22 May 2019

Statutory licensing under Section 31D of Copyright Act not covers internet broadcasting

15th May 2019

The Bombay High Court has held that statutory licencing under Section 31D of the Copyright Act is meant only for radio and television broadcast and excludes internet broadcasting. The Court was of the view that Defendants’ on demand streaming services offered through internet as an “internet broadcasting organisation” do not fall within the purview of Section 31-D of the Act.

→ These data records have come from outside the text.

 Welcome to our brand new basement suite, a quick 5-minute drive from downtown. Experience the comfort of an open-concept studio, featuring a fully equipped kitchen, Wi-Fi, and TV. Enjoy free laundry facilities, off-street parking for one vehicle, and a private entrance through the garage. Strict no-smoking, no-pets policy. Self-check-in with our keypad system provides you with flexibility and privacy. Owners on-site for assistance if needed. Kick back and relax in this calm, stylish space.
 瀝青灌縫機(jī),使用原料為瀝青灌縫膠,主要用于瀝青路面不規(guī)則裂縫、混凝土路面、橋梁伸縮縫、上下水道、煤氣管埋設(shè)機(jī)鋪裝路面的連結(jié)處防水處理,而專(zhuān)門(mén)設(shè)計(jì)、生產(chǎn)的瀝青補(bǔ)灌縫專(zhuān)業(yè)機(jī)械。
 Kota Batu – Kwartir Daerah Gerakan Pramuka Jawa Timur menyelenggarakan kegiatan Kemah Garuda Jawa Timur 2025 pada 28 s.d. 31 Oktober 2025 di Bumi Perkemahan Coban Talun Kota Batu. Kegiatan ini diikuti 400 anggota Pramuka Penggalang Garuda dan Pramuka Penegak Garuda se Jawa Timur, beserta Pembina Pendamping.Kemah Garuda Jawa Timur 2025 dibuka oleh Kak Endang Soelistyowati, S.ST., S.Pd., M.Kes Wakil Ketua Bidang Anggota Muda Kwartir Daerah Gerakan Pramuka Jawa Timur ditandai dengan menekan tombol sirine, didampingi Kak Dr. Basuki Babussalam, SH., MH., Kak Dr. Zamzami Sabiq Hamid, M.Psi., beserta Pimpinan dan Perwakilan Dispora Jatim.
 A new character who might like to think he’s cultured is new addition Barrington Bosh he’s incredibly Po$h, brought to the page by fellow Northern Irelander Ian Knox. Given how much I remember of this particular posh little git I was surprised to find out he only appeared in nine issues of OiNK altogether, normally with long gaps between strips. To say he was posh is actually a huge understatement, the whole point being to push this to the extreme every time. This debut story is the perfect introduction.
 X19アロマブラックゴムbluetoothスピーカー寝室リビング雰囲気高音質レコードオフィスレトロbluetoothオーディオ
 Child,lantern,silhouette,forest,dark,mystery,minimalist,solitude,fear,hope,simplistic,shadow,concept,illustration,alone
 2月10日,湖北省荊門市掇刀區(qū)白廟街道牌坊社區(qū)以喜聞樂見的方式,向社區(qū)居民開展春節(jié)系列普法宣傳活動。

It also held that Section 31D is applicable to only broadcasting organizations which are desirous of communicating to the public by way of ‘broadcast’, and not covers commercial rental. 227th Report of the Rajya Sabha Parliamentary Standing Committee on the Copyright (Amendment) Bill, 2010 was relied for the purpose.

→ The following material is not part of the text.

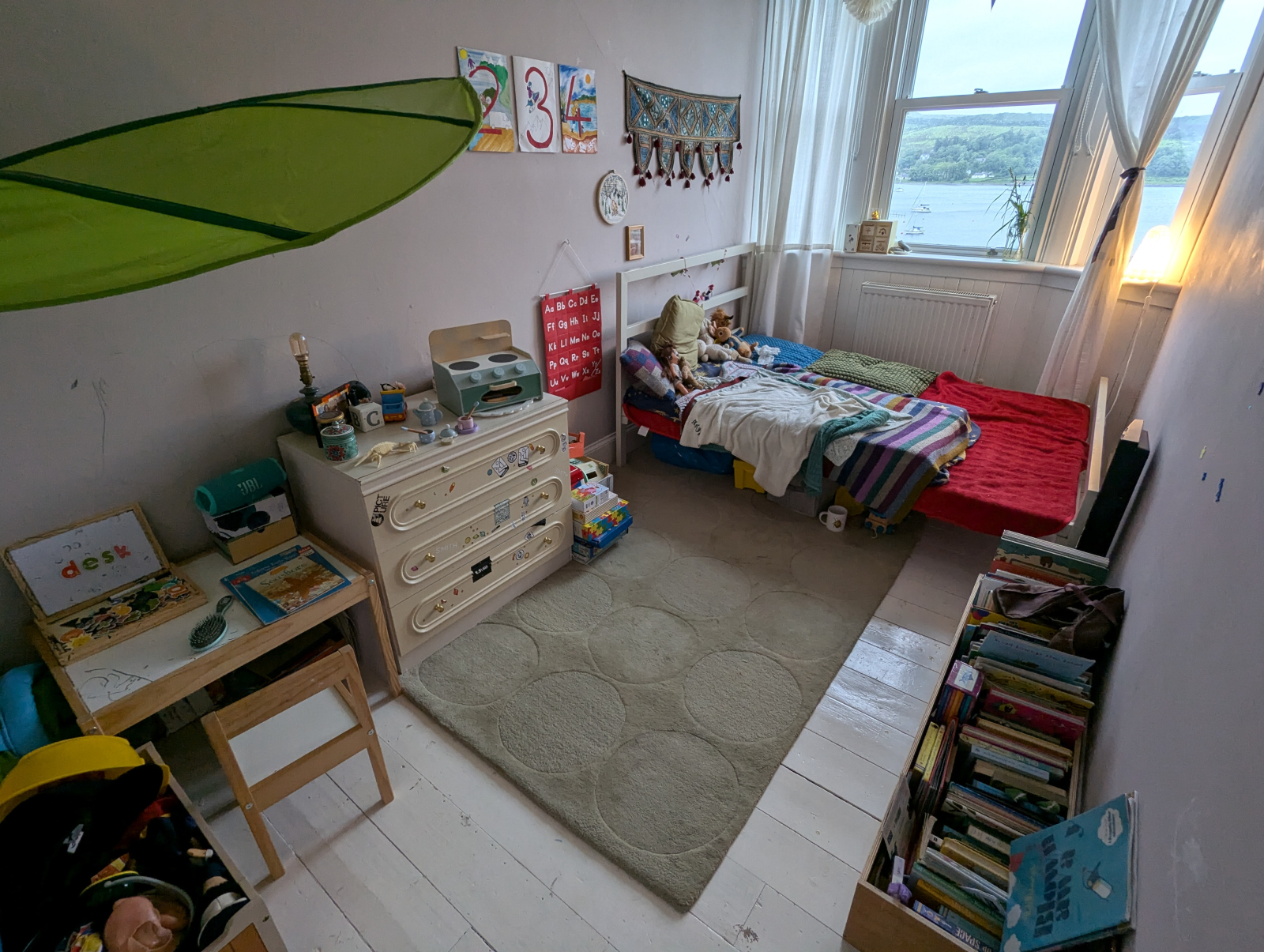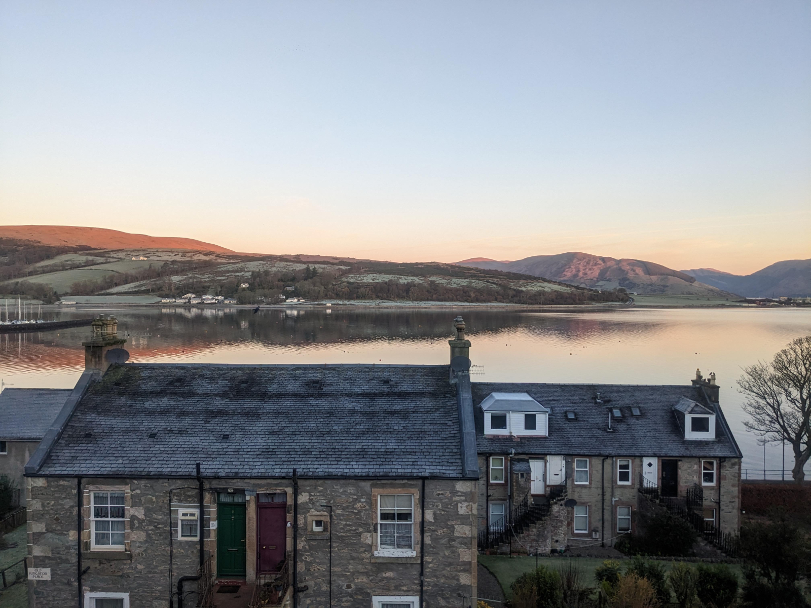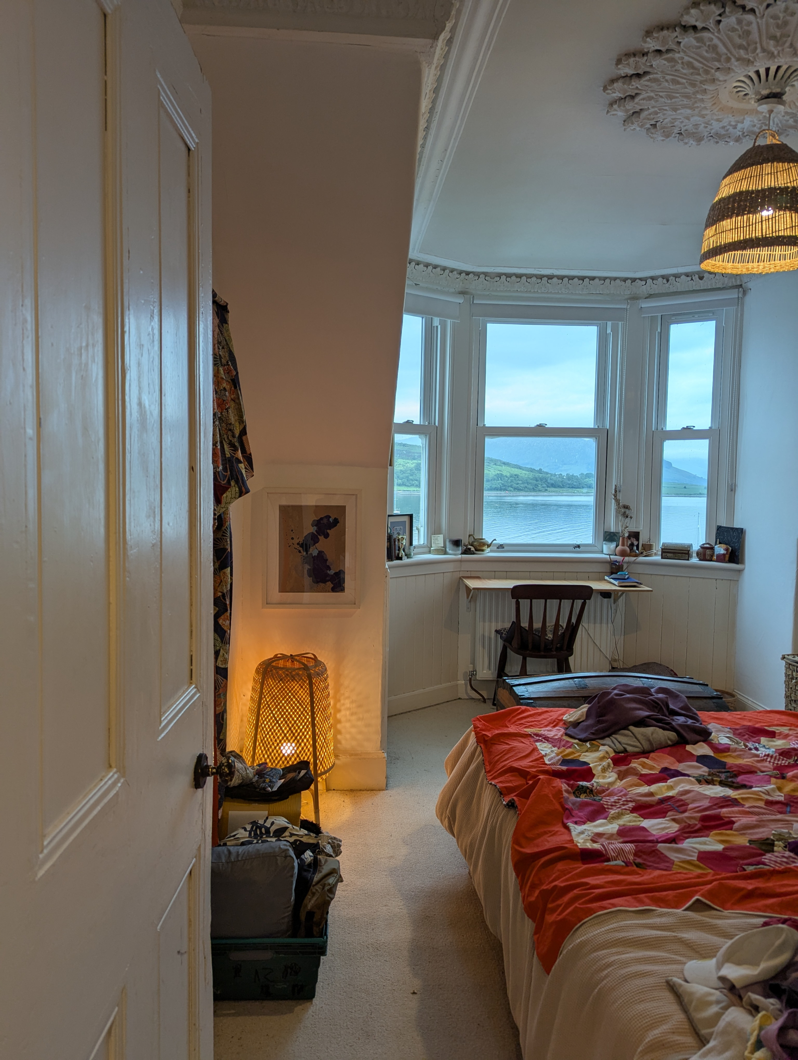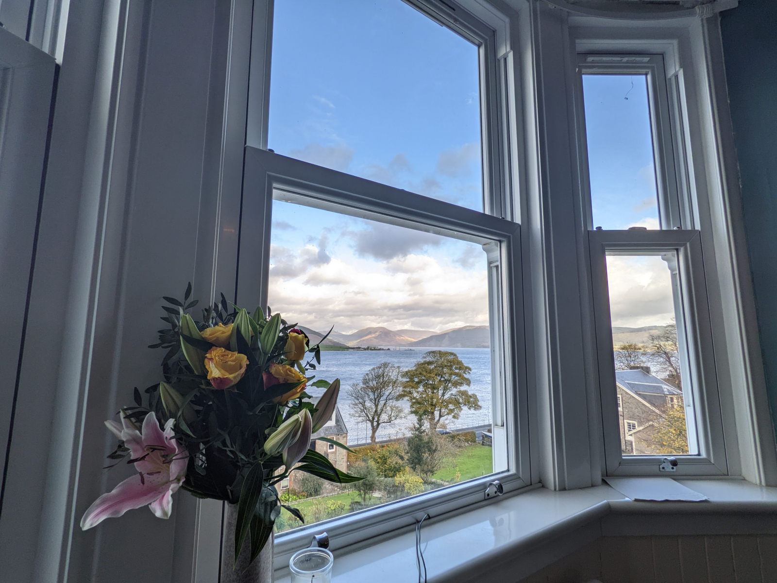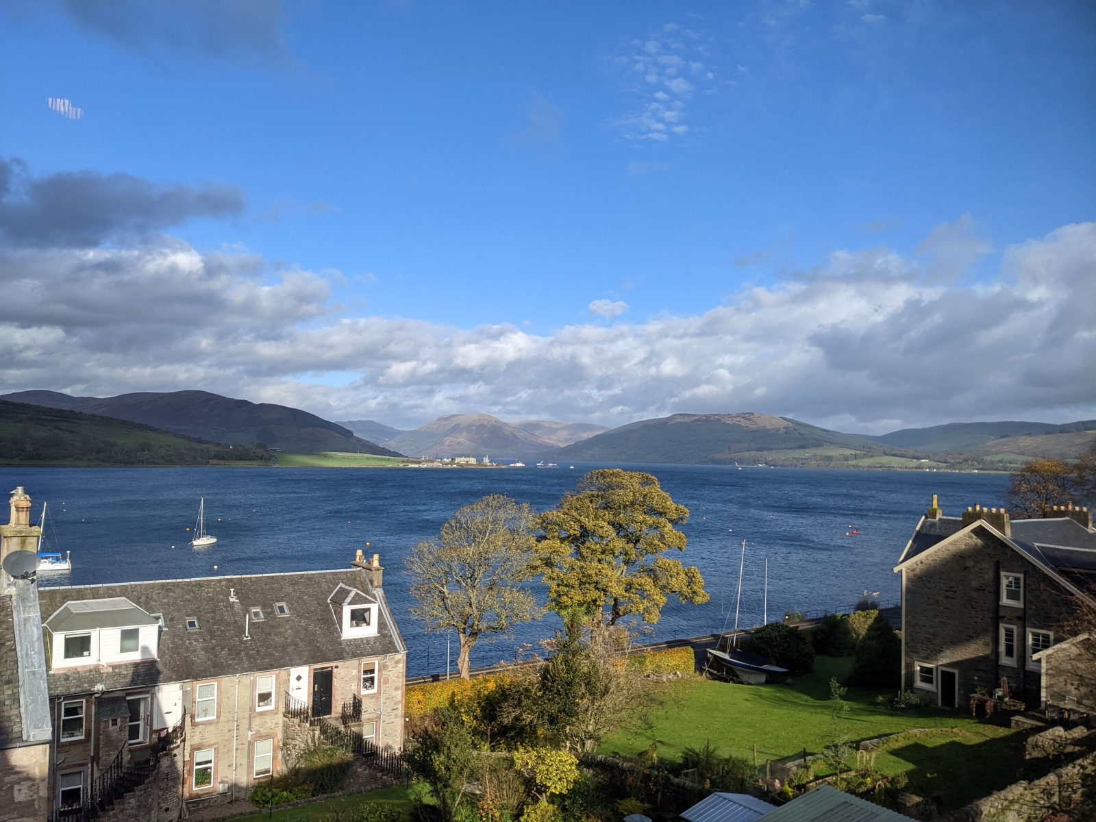 The flat is called the Crow's Nest. It is on the top floor of a traditional Scottish tenement building, giving unobstructed views across the Kyles of Bute.

It may also be noted that Court in the case of Tips Industries Ltd. v. Wync Music Ltd. also held that prior determination of royalty rates is a necessary precondition for the exercise of rights in respect of a statutory license under Section 31-D.
It was also held that commercial renting and storing of plaintiff’s song violates exclusive rights of plaintiff under Section 14(1)(e)(ii). It observed that feature of permanent download subscription option offered by the Defendants to their customers to permanently download sound recordings and have a permanent access to the same once paid for, amounts to sale of the sound recordings and thereby violates the exclusive right of the Plaintiff to sell or offer for sale its sound recordings as provided in Section 14(1)(e)(ii). 
In respect of commercial renting, the Court was of the view that activities of the Defendants enabling their customers to download sound recordings and access them offline in lieu of a monthly subscription fee amounted to ‘commercial rental’.
Defence of fair use under Section 52(1)(a)(i) was rejected by the Court observing that activities of the Defendants cannot be termed as ‘private’ or ‘personal use’ or ‘research’. Similarly, the benefit under Section 52(1)(b) was also held as not available to the defendant. The Court in this regard noted that storage of the sound recordings was not incidental or transient to services of the Defendants.
It was also held that provisions of Section 52(1)(b) would generally apply in case of Internet Service Providers and not to the activities of the Defendants. The Court hence granted interim injunction restraining the defendant from using songs of the plaintiff over its platform.